Online mail-order DVD rental leader Netflix, announced it nearly tripled its profits for the second quarter. However investors were unconvinced, as the company's stock price spiked steeply lower in after hours trading.

The Los Gatos, Calif. based company announced a net profit increase of 194 percent to reach $16.8 million from $5.7 million in earnings for the same period last year. Its earnings per share (EPS) also nearly tripled from $0.09 to $0.24. The firm surpassed an EPS forecast of 18 cents from Thompson Financial.

Revenue for the second quarter of 2006 was $239.4 million, representing an increase of 46 percent from $164.0 million, a year ago. The increase of revenue was attributed to a boost in subscribers.

By the end of the second quarter, Netflix had finally reached its coveted prize of 5 million subscribers which it set out for in 2004. As of this quarter, its customers had risen 62 percent from 3 million to 5 million.
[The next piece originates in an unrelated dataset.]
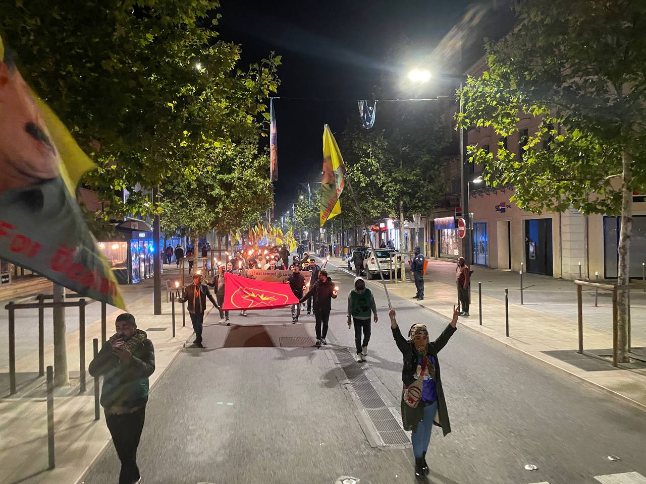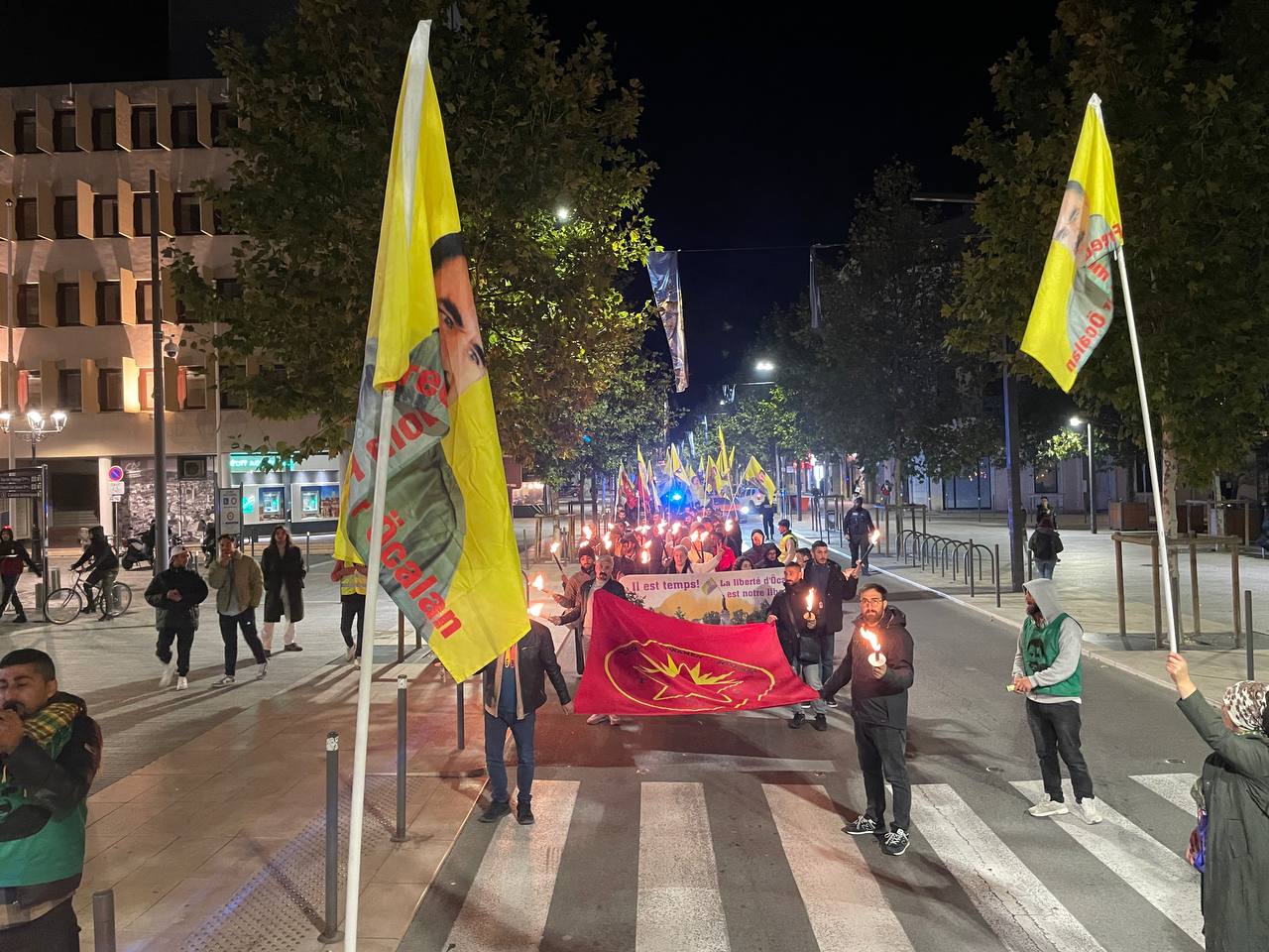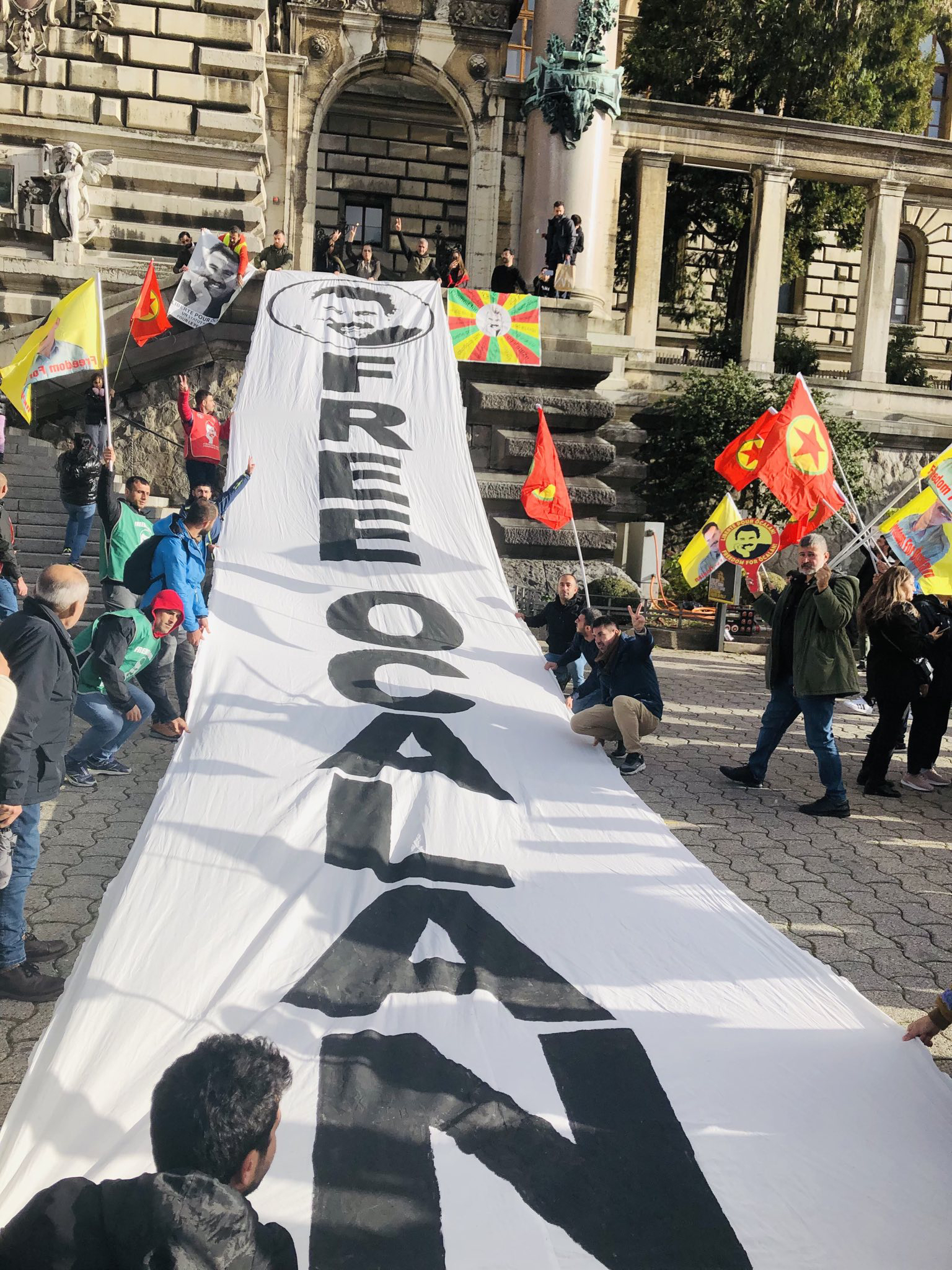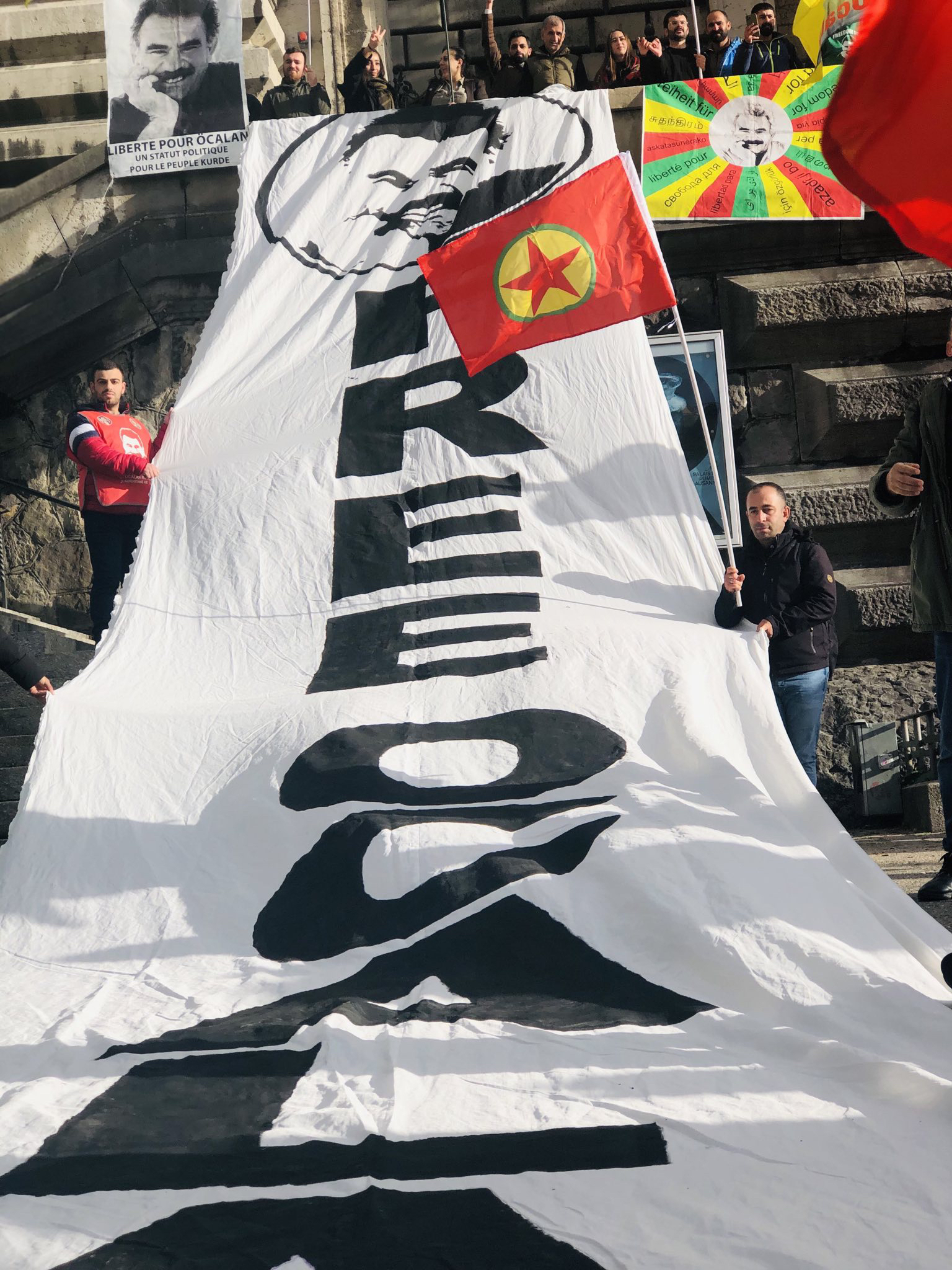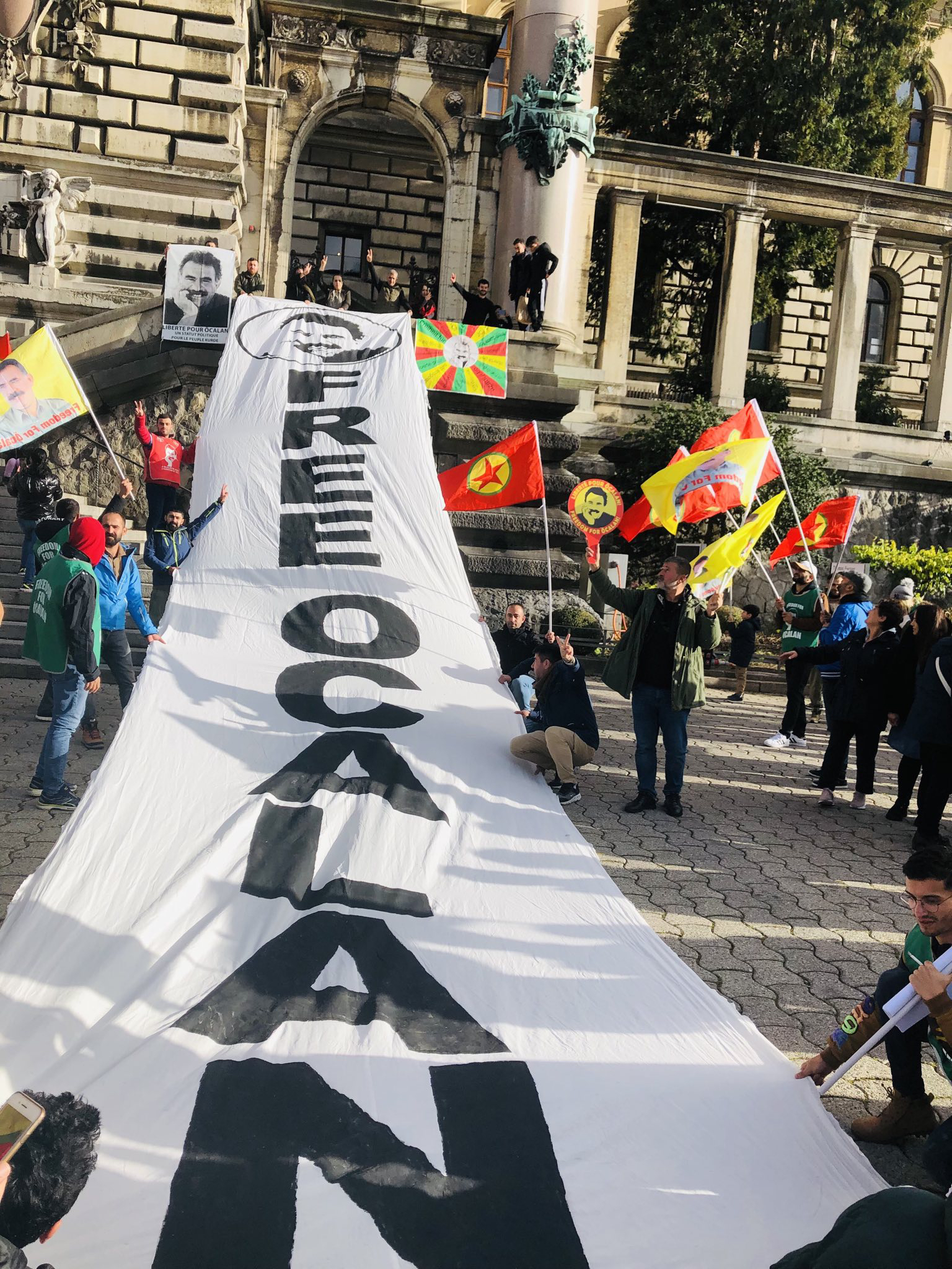 Gençler “Free Öcalan” (Öcalan’a Özgürlük) yazılı yaklaşık 15 metrelik pankart ve Önder APO, PKK bayrakları ile Place de Riponne meydanında eyleme başladılar.

Two black spots still remained for Netflix. The cancellation rate had increased from 4.3 percent to 4.7 percent. The second was the increase competition from its rival Blockbuster which was offering the similar deals on rentals. Netflix and Blockbuster have filed opposing lawsuits against each other over patent issues regarding patented methods for renting videos online.

A looming threat for the Netflix is Video on Demand (VOD), which allows users to download their movie instead of ordering from Netflix which still took days.

In after hours trading after its NASDAQ close of $23.76, Netflix lost nearly 20 percent, or $4.86.